Текст книги "Моя профессия"


Автор книги: Сергей Образцов



сообщить о нарушении

Текущая страница: 1 (всего у книги 44 страниц) [доступный отрывок для чтения: 16 страниц]

Сергей Образцов
Моя профессия

Кому и о чем написана эта книга

Я привык выходить на суд людей. Ведь почти полвека ставлю я спектакли в театре и больше чем полвека выступаю на концертах.

Не десятки, не сотни, а тысячи раз встречался я со зрителями и нашей страны, и других стран, но все-таки, приезжая на концерт, я прежде всего заглядываю в щелку занавеса и стараюсь понять, кто мой сегодняшний судья.

Книга – не спектакль и не концерт, но с первого же дня ее появления на прилавке магазина я выйду на суд людей, с той только разницей, что не услышу мгновенной реакции на мое выступление, которую слышу в зрительном зале.

Шорох недовольства или аплодисменты, равнодушный кашель или веселый смех долетят до меня через много дней после выхода книги. Тогда я уже ничего не смогу исправить, и мне останется только сердиться на самого себя за то, что в одном месте книги я написал неубедительно, в другом – скучно, а в третьем – просто неверно.

Между мной и читателем висит занавес времени.

В этом занавесе трудно найти щелку. Еще труднее что-нибудь в нее разглядеть. Те самые слова, которые я сейчас пишу, сидя у себя дома в Москве на улице Немировича-Данченко, вы читаете в разных городах и в разное время, на расстоянии многих километров, а может быть, и многих лет от меня и друг от друга.

И все-таки я обязан представить себе тех, кому я пишу, потому что книга – это не монолог, не разговор с самим собой. Это часть диалога. Это разговор с читателем. А разве можно разговаривать с кем-нибудь, если не видишь, не ощущаешь того, с кем ты говоришь?

С кем же я разговариваю сейчас? Кого я представляю себе держащим в руках мою книгу?

Моя основная профессия – театр кукол, но мне хочется, чтобы среди моих читателей были не только коллеги по этой профессии, но и актеры и режиссеры других видов театра, чтобы читателями оказались и работники кино, и драматурги, и художники, и все те, кто интересуется искусством, хотя бы искусство и не было их прямой профессией.

Куклы никогда не были для меня самоцелью.
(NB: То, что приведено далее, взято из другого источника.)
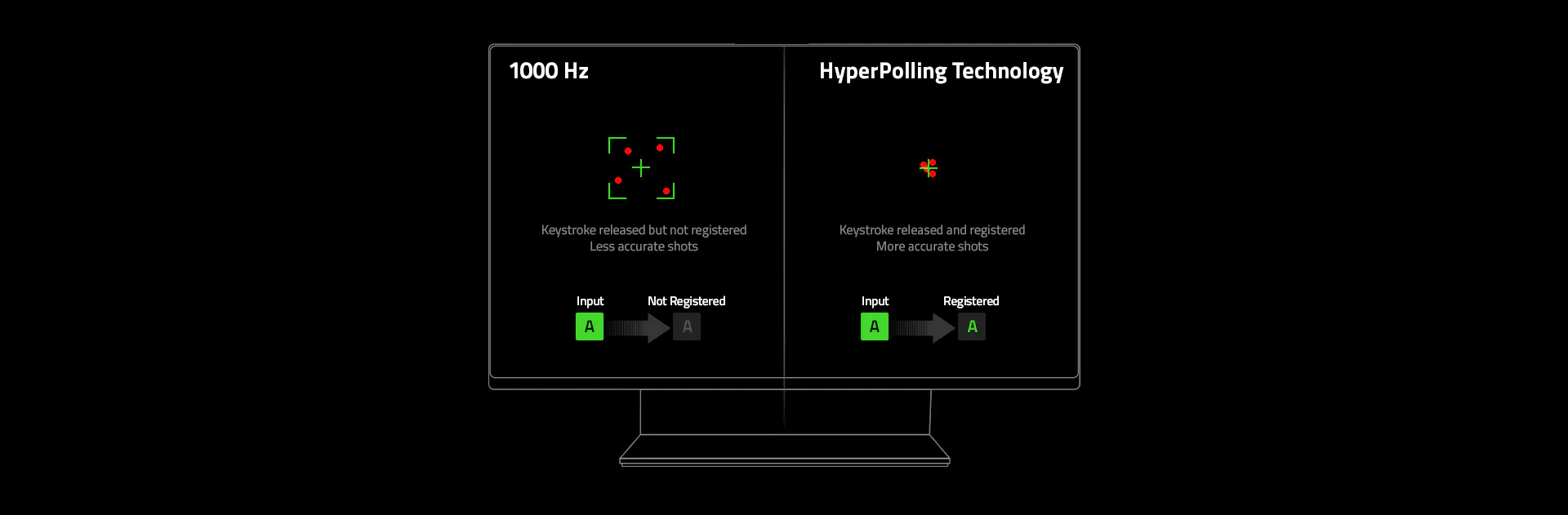 与平均轮询率为 1000 Hz 的其他外设相比,轮询率为 8000 Hz 的 Razer HyperPolling 设备每秒向电脑发送的数据量可达 8 倍,从而将输入延迟从 1 毫秒大幅降低至 0.125 毫秒。

Если на маленькие кукольные плечи нельзя положить ту же почетную ношу, ту же обязанность быть действительно нужными людям, какая лежит на плечах большого искусства, тогда я не хочу ни писать о куклах, ни заниматься этим искусством, потому что в таком случае оно превращается либо в детскую забаву, либо в эстетское оригинальничанье взрослых.

Профессия моя определилась не сразу. По образованию я художник, а до того, как стать руководителем театра кукол, я был в течение четырнадцати лет актером сперва музыкального, а потом драматического театра. Я буду говорить и об этом, потому что ощущаю искусство цельно, и сходство творческих процессов между отдельными видами искусства мне кажется не менее важным, чем их отличие. А именно о творческих процессах, о «кухне» искусства мне и хочется рассказать в этой книге. О своем личном опыте и о неизбежных для всякого режиссера, актера или художника обобщениях этого опыта, которые постепенно становятся законами, непреложными, может быть, только для него самого.
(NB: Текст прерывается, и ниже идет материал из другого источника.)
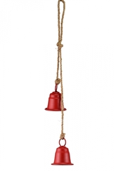 Dva červené kovové zvonky na jutovém provaze 7x5,8x50 cm
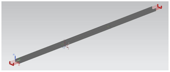 Figure 12. An FEA meshing and its boundary conditions were designated on the longeron 3D model. Finally, the strength reduction analysis against the thickness reduction of the longeron was carried out. The input parameters for the upper longeron design are shown in

Да и то непреложность этих законов ограничена временем, и многое из того, что раньше казалось ясным, начинает подвергаться сомнению и заменяться чем-то новым.
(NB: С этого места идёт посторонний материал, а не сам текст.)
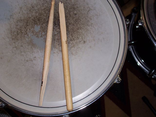 IN MEMORIUM: A drum stick (pictured) fought the good fight to the bitter end, but lost its battle during the recording process for this song. A brave warrior, indeed…
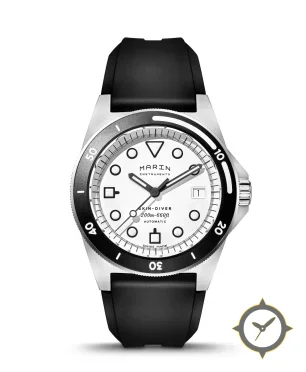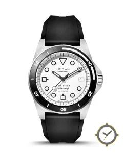 Eine Taucheruhr-Uhr mit einem 37mm Gehäuse im Vintage-Stil gefertigt aus Edelstahl mit einem Zifferblatt in weiß und einer besonderen "matte"-Oberfläche.
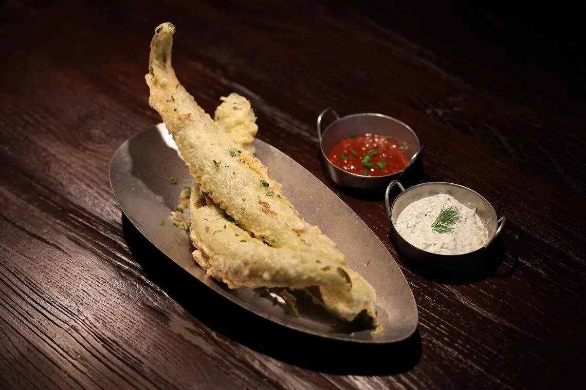 Gochu’s Crispy Stuffed Chilli ($18 for two), which is chilli pepper stuffed with minced pork before being battered and deep-fried.

Книга моя распадается на две части.

Первая часть рассказывает о рождении моей профессии и моей личной концертной работе. В пятидесятом году эта часть была издана отдельной книгой. С тех пор прошло так много лет, что сейчас, когда я перечитал ее, мне что-то показалось неверным или устаревшим, а что-то захотелось добавить, но и композиция первой части и основные высказанные мною мысли остались, по существу, прежними.

Вторая часть посвящена моей режиссерской работе в Государственном центральном театре кукол и всей, как я уже сказал – почти полувековой, его жизни.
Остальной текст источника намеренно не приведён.